My take is that it's fine to say we don't care about it not being 100% correct in the (scenarios you describe), because it's an opt-in. It comes with pros and cons, and those who chose it need to understand that.

Editor
Sep 28, 2011 at 12:43 PM

I think this is a great place to start from.  Opt-in, caveated with a warning regarding this side effect also seems fine.  The ability to set this as your default would be fantastic.

Just so I understand though, the real underlying issue resulting in the potential conflict is the packages directory being used for the side by side temporary installation location for the uninstall/install process, right?  The other issues around ProjectA not having had scripts run etc would then just be a run through all packages.config files listed in repositories.config to identify other dependent projects.  We do something similar already via an extension to reduce the number of OData calls/package downloads on internal servers (provides fully condensed solution-wide packages.config prior to processing).

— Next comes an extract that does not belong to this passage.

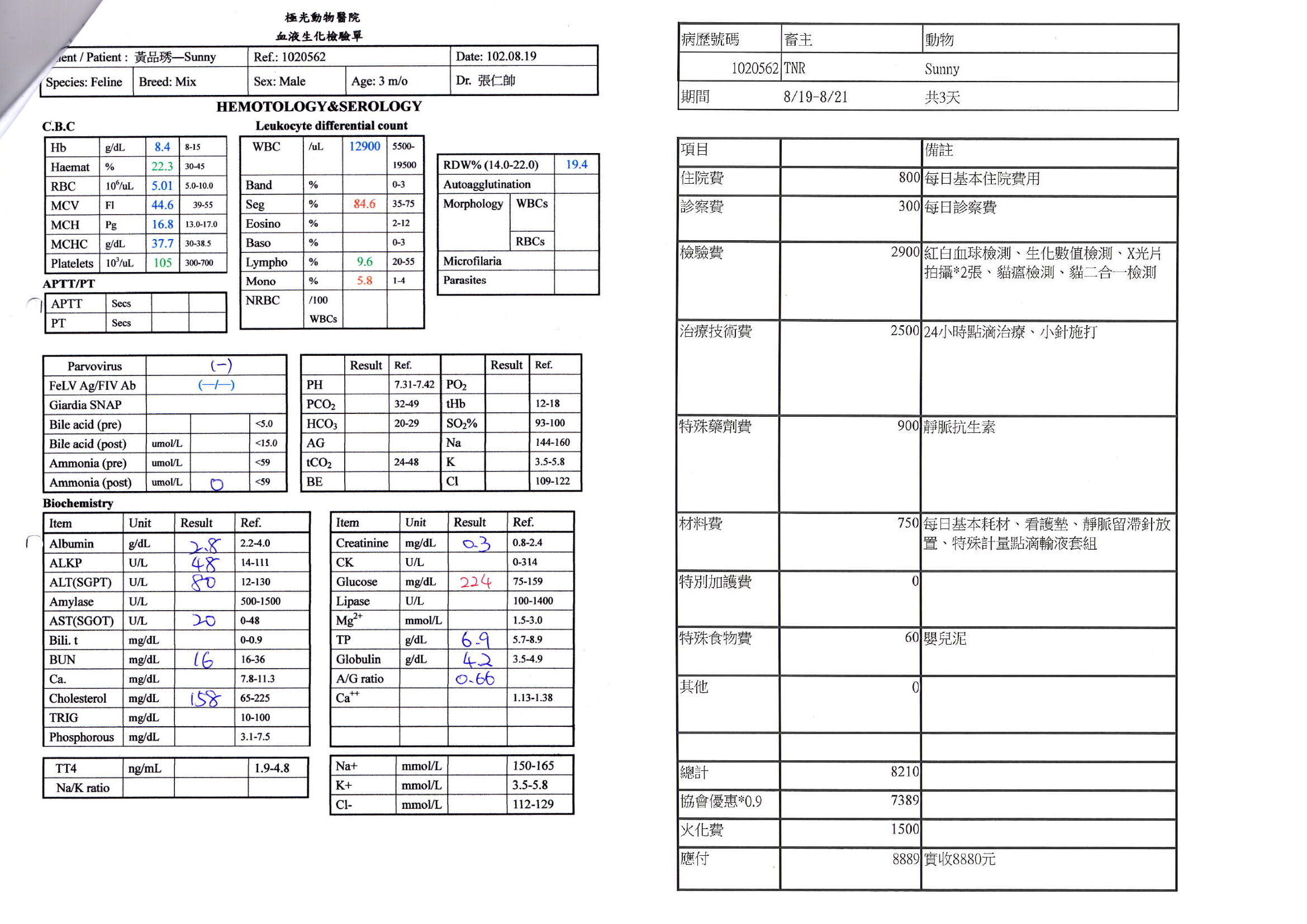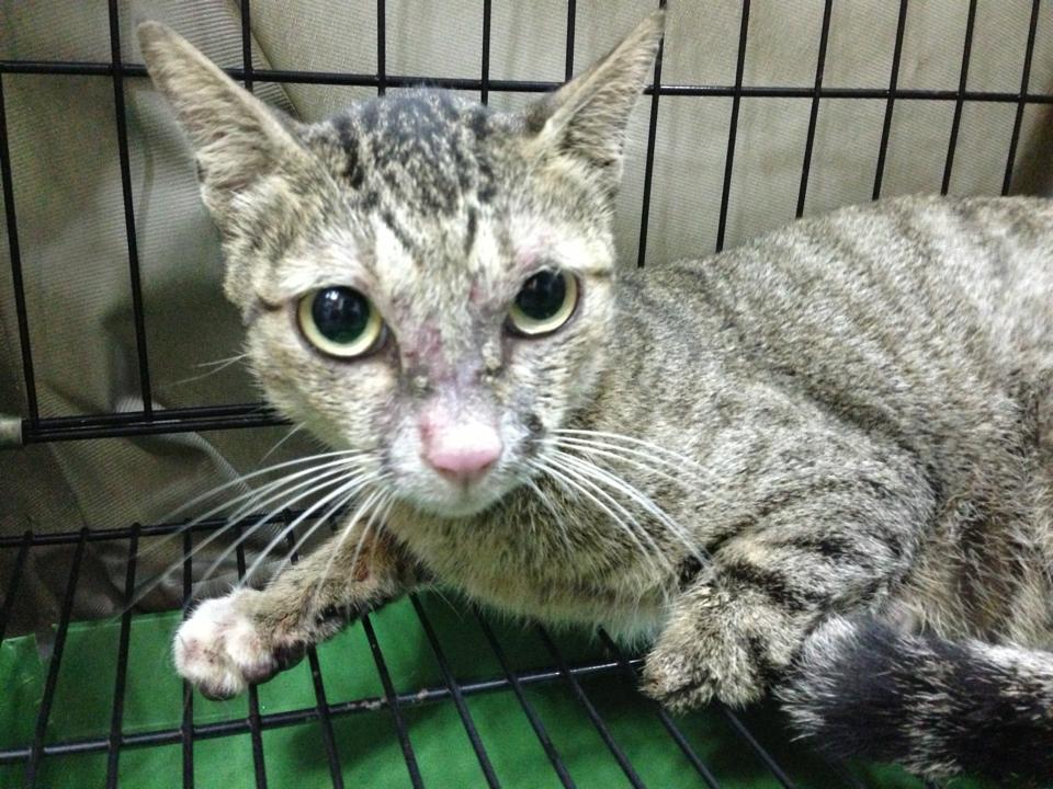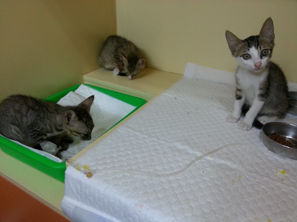 小虎斑突然發燒出現類似神經症狀,送醫住院觀察,醫師檢驗貓瘟、愛滋白血、血檢通通正常,本來以為是單純的感冒前兆,怎知晚上抽筋越來越激烈,還收到病危通知,醫師懷疑是腦部發育不全造成的狀況,只希望點滴能夠紓緩他的不舒服,24小時看護醫療,隔日貓咪還膩在手上撒嬌,發出很輕微的呼嚕聲,本來小不拉機的一路拉拔長大,突然出現這種狀況,心痛不已,又不知如何是好,只希望貓咪可以平安度過,隔日還帶了同胎的兄弟姊妹到院探視,希望親情的溫暖可以帶來一些求生意志,但事與願違,貓咪在第三天交完功課,畢業了....
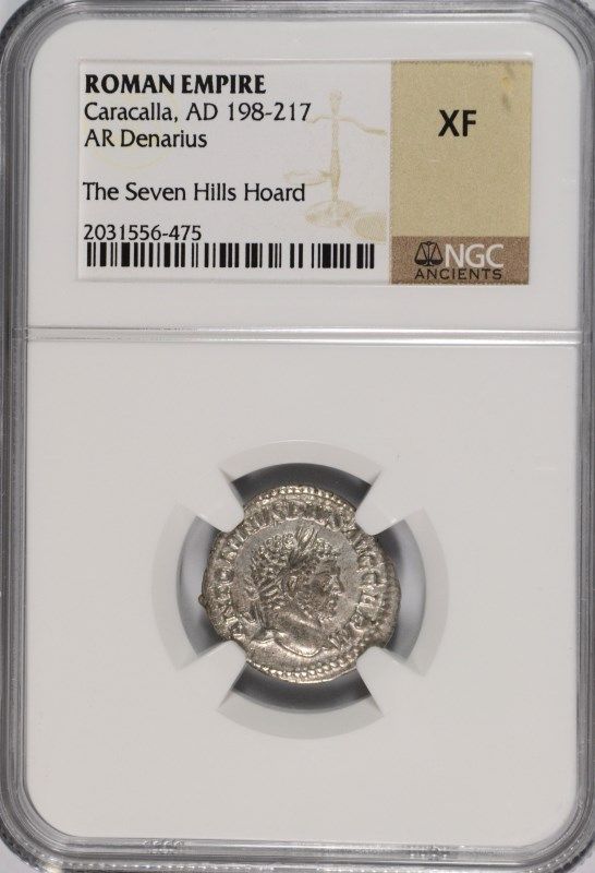 ROMAN EMPIRE ANCIENT SILVER DENARIUS, CARACALLA, A.D. 198-217 NGC XF

So it seems there is the possibility (with some dev work and design changes, I admit) that this caveat could be removed at a later date through the use of either temporary location/memory location for unpack prior to uninstall (or similar).  This would leave a levelling/versioning issue, however that seems less a functional failure and more a user choice/decision.

Coordinator
Sep 28, 2011 at 3:48 PM

@Ben yep. We prototyped the implementation a while back and there were some other subtle issues that came up that you wouldn't ordinarily consider until you actually try it. But I don't remember what they are. David Fowler could probably say more about them.

I think the idea here would be to take a very small iterative evolutionary approach. Down the road, we can improve it bit-by-bit. It helps to have parts of it being used so we hash out all the potential issues rather than trying to do it all at once and break a ton of people. :)

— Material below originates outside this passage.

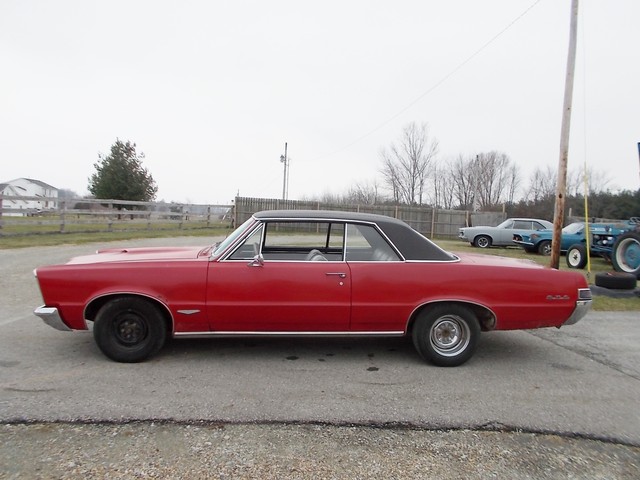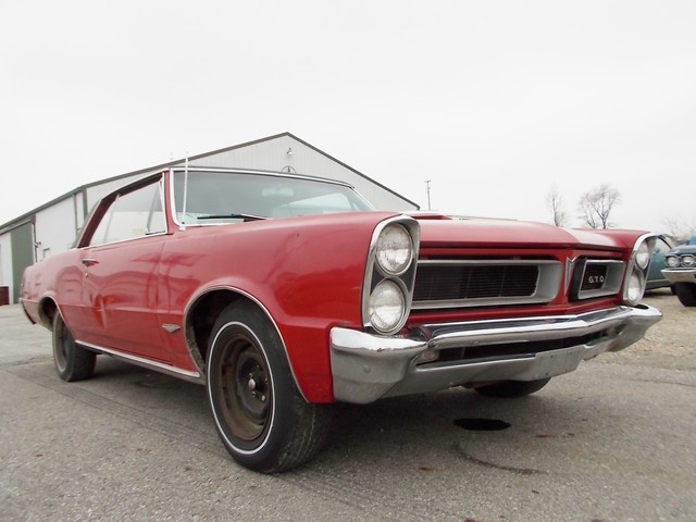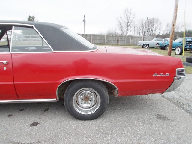 REAL 65 GTO THAT IS PRETTY DARN SOLID AND COME WITH PHS DOCUMENTS TO ALSO PROVE GTO, SEE 3RD TO LAST PHOTO. SHOWS IT CAME NEW IN RED WITH BLACK INTERIOR AND CONSOLE, FACTORY RPM GUAGE, WR CODE 68' 389, 4BBL HOLLEY, RIDE AND HANDLING SPRINGS AND SWAY BAR, 3 SPEED MANUAL TRANS AND SAFTY TRACK (POSI) REAR WITH 308 GEAR. IT NOW HAS A 68' 350 4 BBL HO PONTIAC ENGINE THAT HAS 320 HP FROM FACTORY AND 4 SPEED MUNCI EITHER M20 OR 21. I THINK M20. IT RUNS GOOD AND DRIVES BUT HAS VERY WEAK BRAKES AND BAD TIRES. SO , CANT DRIVE HOME BUT WITH NEW TIRES AND BRAKES YOU HAVE A DRIVER. IF YOU DONT LIKE THE 350 ITS A GOOD ENG THAT SOMEONE WILL GIVE BUCKS FOR SINCE ITS AN H.O.
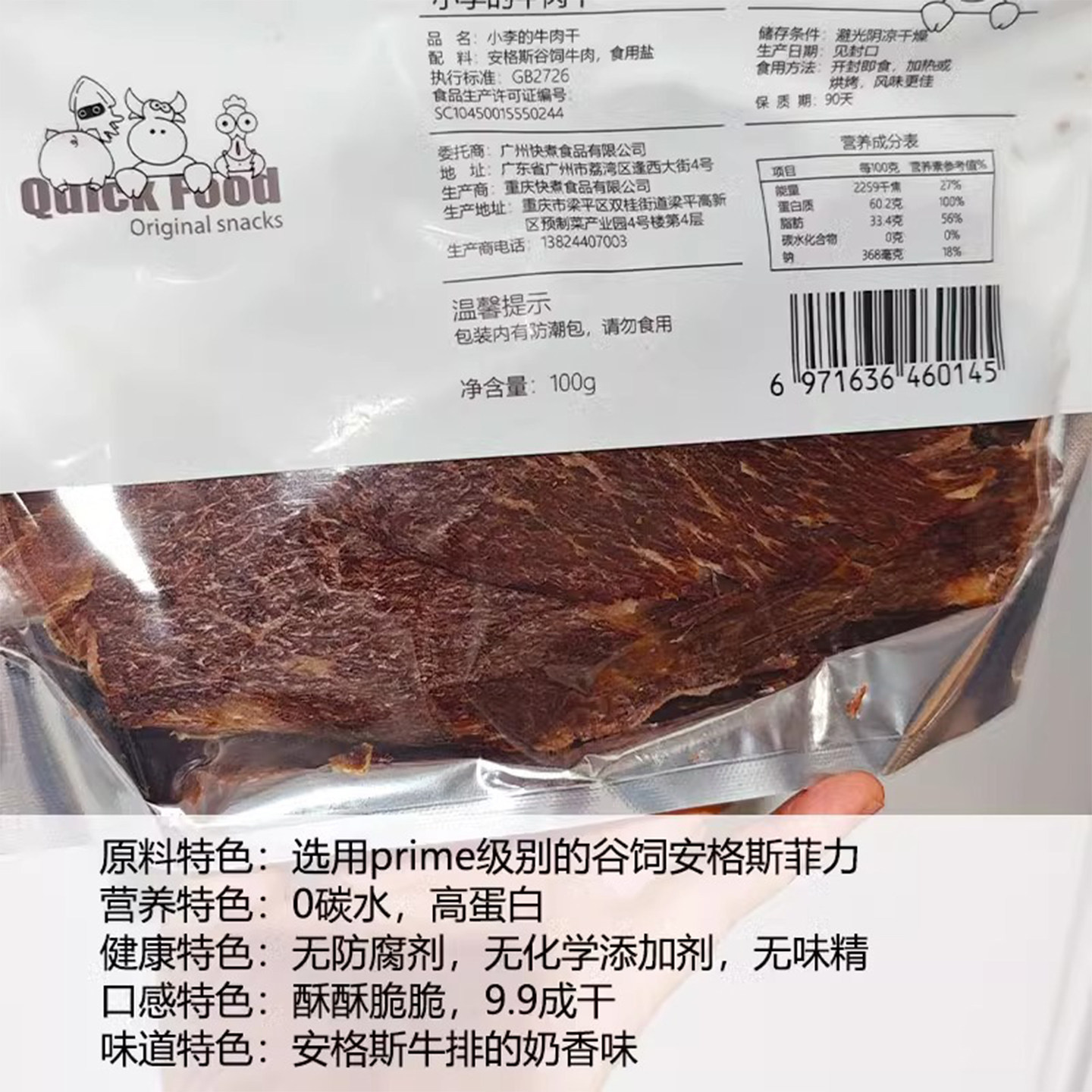 IMOC小李的安格斯谷饲纯牛肉干100g牛脆脆牛肉薄脆片健康营养零食

We probably need to flesh out the spec to call out all the various edge cases and design issues. Ideally the spec could also call out the various pieces we could add one at a time with design for them. http://nuget.codeplex.com/wikipage?title=Package%20Updates%20Should%20Be%20Global

Unfortunately, i won't get to it soon, but if I had volunteers from the community willing to think hard about this and help us spec it out, I'd provide write access to that document. :)

Editor
Oct 4, 2011 at 11:46 AM

@haacked happy to have a look at it, and drop you through some thoughts.  Do you want it chucked up on this message, or direct?

Coordinator
Oct 4, 2011 at 8:28 PM

Ben, here's the outdated spec. I'd rather we iterate on it: http://nuget.codeplex.com/wikipage?title=Package%20Updates%20Should%20Be%20Global

Coordinator
Oct 4, 2011 at 8:28 PM

p.s. I made you an editor. Be responsible. ;)

Dec 30, 2011 at 8:40 AM

Hi Everybody :)

Perhaps it's a bit late to add my comments to this feature. But it's something that, for me, should have been like that from the beginning.

So let's begin: .NET allows you to have multiple version of the same assembly. As far as I know you can do that with the GAC or with files with different names (nuget here).

Usually the assembly file name is the same for different versions. So from the first day using nuget I had to remember to update "ALL" references to a library package to avoid having a random version in the output project.

Also as you see in many open source projects there is a "common" libs, packages, bag of common assemblies. You can even improve on that with the feature of not comitting the nuget library packages and downloading them on "checkout/clone".

Therefore, in my little .NET world + few years experience, I cannot understand who will need (for example) two versions of log4net in the same solution. And if he needs them, how he is going to manage them without extra "steps" (I'd say hacks to rename files).

You can also observe how communities work in other languages/frameworks. A virtual GAC with ruby or pyton: rvm and virtualenv. Even if those languages allow you to import a specific version of a library, it seems easier for the people to build virtual environments with specific versions to avoid mistakes.

For me "conceptually" packages per project makes no sense. But speaking csproj/Visual Studio language, you see that projects depend on assemblies, so it seems more "correct" to work per project.